Going further, St. Thomas Aquinas declared that suffering rape can be “a kind of martyrdom” and count “for the merit” of the victim; he also wrote that virginity is not lost by rape.
Yet this kind of “martyrdom” seems to have left no record in Catholic martyrologies. Many women saints are venerated for resisting rape or sexual assault, including many virgin martyrs who endured grotesque mutilations graphically recounted in hagiography. Like Maria Goretti, such virgin martyrs are often honored as patrons of those who have endured rape and sexual assault. Yet it’s virtually impossible to identify a canonized saint who is known to have been raped.

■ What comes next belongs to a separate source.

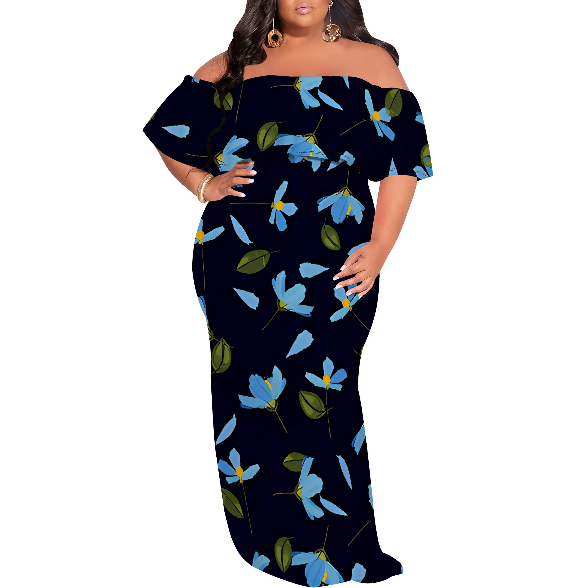 Plus Size Elegant Off Shoulder Dress for Women Blue Floral Print Summer Holiday Look

Nor has the language of Catholic piety always carefully protected the moral truths affirmed by Augustine and Aquinas, even at the highest levels. Pope St. John Paul II, on the occasion of the 100th anniversary of Maria’s birth, stated that “She chose death when there was no other way to defend her virginal purity.” Pope Pius XII, in his 1950 homily for her canonization, declared:
With splendid courage she surrendered herself to God and his grace and so gave her life to protect her virginity. She preferred to die rather than to lose her virginity. She was stabbed to death, preferring to die rather than be raped.
I have a special love for both of these popes, but there’s no getting around the fact that their language at least appears to imply that, had Maria actually been raped, she would have lost her purity and her virginity. Notably, as Simcha Fisher pointed out in another 2015 Patheos post, Maria’s reported words during the final attack were not “No, no, Alessandro, spare my virginity!” but “You would go to hell for it.” His soul, not her purity, was at stake.

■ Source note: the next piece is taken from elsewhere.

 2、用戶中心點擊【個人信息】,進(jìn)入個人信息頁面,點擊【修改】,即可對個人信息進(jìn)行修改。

Yet that’s not the message that, by and large, the Church has communicated to survivors of sexual violence. We need to do better.
Related: I’ve written before about problems in Catholic culture in connection with Maria Goretti’s story—including problems in her own culture—in a 2021 piece for Catholic Herald (“Maria Goretti’s silence was tragic, not heroic, and not a model for us”). And I recently touched briefly on Maria’s story reviewing Irena’s Vow, a fact-based movie about a Polish nurse who submits to sexual assault by a Nazi officer in order to save the lives of Jews in hiding.

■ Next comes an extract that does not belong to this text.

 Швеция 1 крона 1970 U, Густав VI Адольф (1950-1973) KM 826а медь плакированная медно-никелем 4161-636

Well done! I have never heard before that rape doesn’t destroy virginity. It’s a comforting thought.
Thank you for writing this article. Maria Goretti is the saint whose story affects me the most. My mother first told me about her and incorrectly said that she had been raped. For her, as well as for me, the greatness of St. Maria's virtue was in her heroic capacity to forgive at only 11-years old, which lead to the conversion of her attacker Alessandro. If something like that happened to me when I was 11, would I have been able to forgive? (God help me.)
I have a friend who suffered sexually as a child and she used to feel like she was "beaten over the head" with Maria's purity. Thankfully, as time went on, she developed a correct way of understanding her story and now considers her to be one of her intercessors. I will be sharing this article with her.